At bottom, competency evaluations serve to determine whether the
petitioner “has a rational and factual understanding of the nature and object of the
proceedings . . . and has a reasonable opportunity to examine and present evidence
and cross-examine witnesses.” M-A-M-, 25 I. & N. Dec. at 479. If we were to
cherry-pick the record, we would, of course, find instances in which Damian-
Gallardo expressed momentary confusion. But such moments were outweighed by
the many instances where she was able to communicate effectively with the IJ,
3 answer the IJ’s questions, and present evidence going to the core of her claims.

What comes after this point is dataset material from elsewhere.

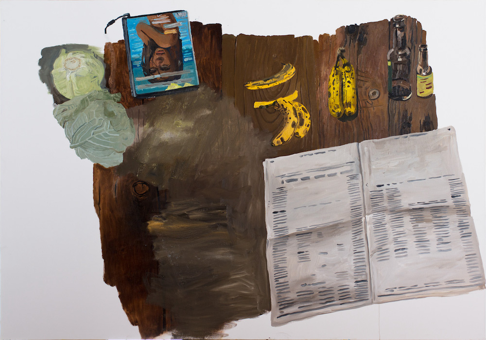 According to Williamson’s deadpan narrative, she started playing with space in this way back in 2008, after realizing that “paintings are flat.” In 2015, when she returned to At night I painted in the kitchen, she discovered a minor-seeming innovation that propelled her toward a follow-on revelation: among the objects arrayed haphazardly across the tabletop – a DVD, an open newspaper, a cabbage – she had included the same two bananas twice, one pair darker than the other because they were painted a few days later. This was a small detail, but nonetheless it reminded her that “paintings don’t move,” and led her down a path she has followed for the past five years.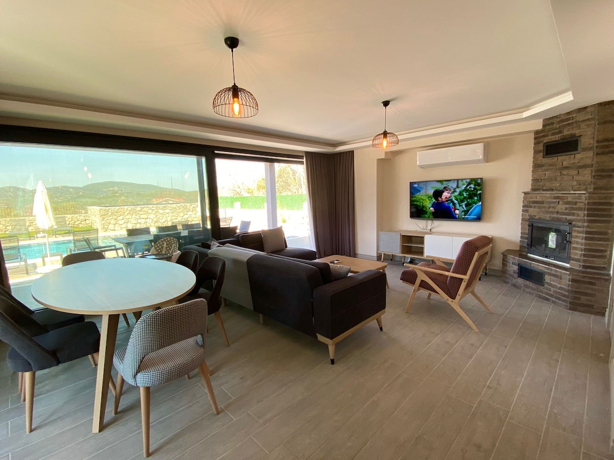 Nuestra villa de ultralujo con vistas a la naturaleza ofrece alojamiento para un máximo de 9 personas con privilegios como piscina cubierta climatizada, piscina al aire libre, cine, gimnasio, billar y ping-pong. Disfruta de la comodidad y el entretenimiento con el sistema de calefacción por suelo radiante, el aparcamiento interior y el parque infantil. Los huéspedes que deseen utilizar nuestra piscina cubierta deben avisarnos con al menos 4 días de anticipación. Hay una comisión por noche de 3000 TRY. El alojamiento permanecerá abierto durante todo el día.

For example, petitioner explained her relationship with her children and other
family members, articulated the reasons why she feared returning to Mexico, and
recounted, in detail, the abuse she suffered in Mexico. Thus, not only does the
record show that she was capable of participating in her removal proceedings, it
shows that she, in fact, did. Accordingly, the IJ’s determination that Damian-
Gallardo was competent to participate in her removal proceedings was supported
by substantial evidence. The BIA’s affirmance of that finding, therefore, was not
an abuse of discretion, and to the extent that petitioner seeks review of it, the
petition is denied.
Turning to the substance of petitioner’s various applications for relief from
removal, we conclude that we lack jurisdiction to entertain these claims because
she has failed to exhaust them. Although pro se briefs filed with the BIA are
construed liberally in favor of their filer, see Ren v. Holder, 648 F.3d 1079, 1083–
84 (9th Cir. 2011), to satisfy the exhaustion requirement, a pro se petitioner must
still provide the BIA with sufficient notice of the specific issue being contested,
see Garcia-Cortez v. Ashcroft, 366 F.3d 749, 753 (9th Cir. 2004). Damian-
Gallardo’s BIA brief misses that mark.
Even given its most liberal construction, petitioner’s brief to the BIA did not
meaningfully identify a particular error in the IJ’s decision on the merits. Neither
4 the recital, without elaboration, of her filed applications for asylum, withholding of
removal, and relief under the Convention Against Torture in the caption of her
brief, nor her general declaration that she feared returning to her home country,
meaningfully directed the BIA to review a particular aspect of the IJ’s detailed
order. Though, as a pro se litigant, Damian-Gallardo did not need to use specific
legal terms or elaborate on any stated argument, she needed to offer the BIA more
than a blank slate.
Damian-Gallardo’s failure to properly present to the BIA the issues she
seeks to present here is fatal to review. Simply put, we are without jurisdiction to
review the BIA’s order dismissing her appeal from the IJ’s decision, much less
consider her merits-based claims. See Sola v. Holder, 720 F.3d 1134, 1135 (9th
Cir. 2013).
PEITION DENIED IN PART AND DISMISSED IN PART.